The following are excerpts from an interview with Syrian poet "Adonis," aired on Dubai TV on March 11, 2006. TO VIEW THIS CLIP: http://www.memritv.org/search.asp?ACT=S9&P1=1076.
[Some excerpts follow. The rest of the translated passages are here. --JW]
Interviewer: "How do you view the plan for democracy, the 'Greater Middle East' plan?"
Adonis: "First of all, I oppose any external intervention in Arab affairs. If the Arabs are so inept that they cannot be democratic by themselves, they can never be democratic through the intervention of others."If we want to be democratic, we must be so by ourselves. But the preconditions for democracy do not exist in Arab society, and cannot exist unless religion is reexamined in a new and accurate way, and unless religion becomes a personal and spiritual experience, which must be respected."On the other hand, all issues pertaining to civil and human affairs must be left up to the law and to the people themselves."
[....]
"I don't understand what is happening in Arab society today. I don't know how to interpret this situation, except by making the following hypothesis: When I look at the Arab world, with all its resources, the capacities of Arab individuals, especially abroad - you will find among them great philosophers, scientists, engineers, and doctors. In other words, the Arab individual is no less smart, no less a genius, than anyone else in the world. He can excel - but only outside his society. I have nothing against the individuals - only against the institutions and the regimes.
"If I look at the Arabs, with all their resources and great capacities, and I compare what they have achieved over the past century with what others have achieved in that period, I would have to say that we Arabs are in a phase of extinction, in the sense that we have no creative presence in the world."
Interviewer: "Are we on the brink of extinction, or are we already extinct?"
Adonis: "We have become extinct. We have the quantity. We have the masses of people, but a people becomes extinct when it no longer has a creative capacity, and the capacity to change its world." [....]

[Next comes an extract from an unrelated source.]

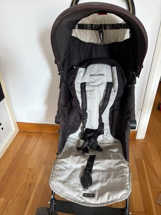 Silla de paseo Maclaren en color negro. - Diseño ligero y plegable. - Capota. - Cesta de almacenamiento. - Ruedas delanteras giratorias.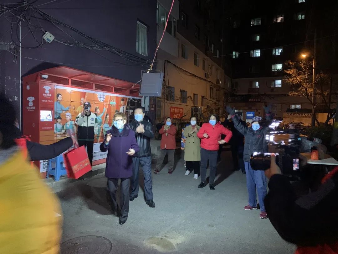“我和我的祖国,一刻也不能分割,无论我走到哪里,都流出一首赞歌,我歌唱每一座高山,我歌唱每一条河......”现场激情盎然,氛围热烈,大家一起唱起了歌曲《我和我的祖国》《我的中国心》......还有楼上的居民打开窗户,挥舞着手臂,加入合唱团。

Adonis: "That is our real intellectual crisis. We are facing a new world with ideas that no longer exist, and in a context that is obsolete. We must sever ourselves completely from that context, on all levels, and think of a new Arab identity, a new culture, and a new Arab society." [...]"Imagine that Arab societies had no Western influence. What would be left? The Muslims must..."
Interviewer: "What would be left?"
Adonis: "Nothing. Nothing would be left except for the mosque, the church, and commerce, of course." [...] "The Muslims today - forgive me for saying this - with their accepted interpretation [of the religious text], are the first to destroy Islam, whereas those who criticize the Muslims - the non-believers, the infidels, as they call them - are the ones who perceive in Islam the vitality that could adapt it to life. These infidels serve Islam better than the believers."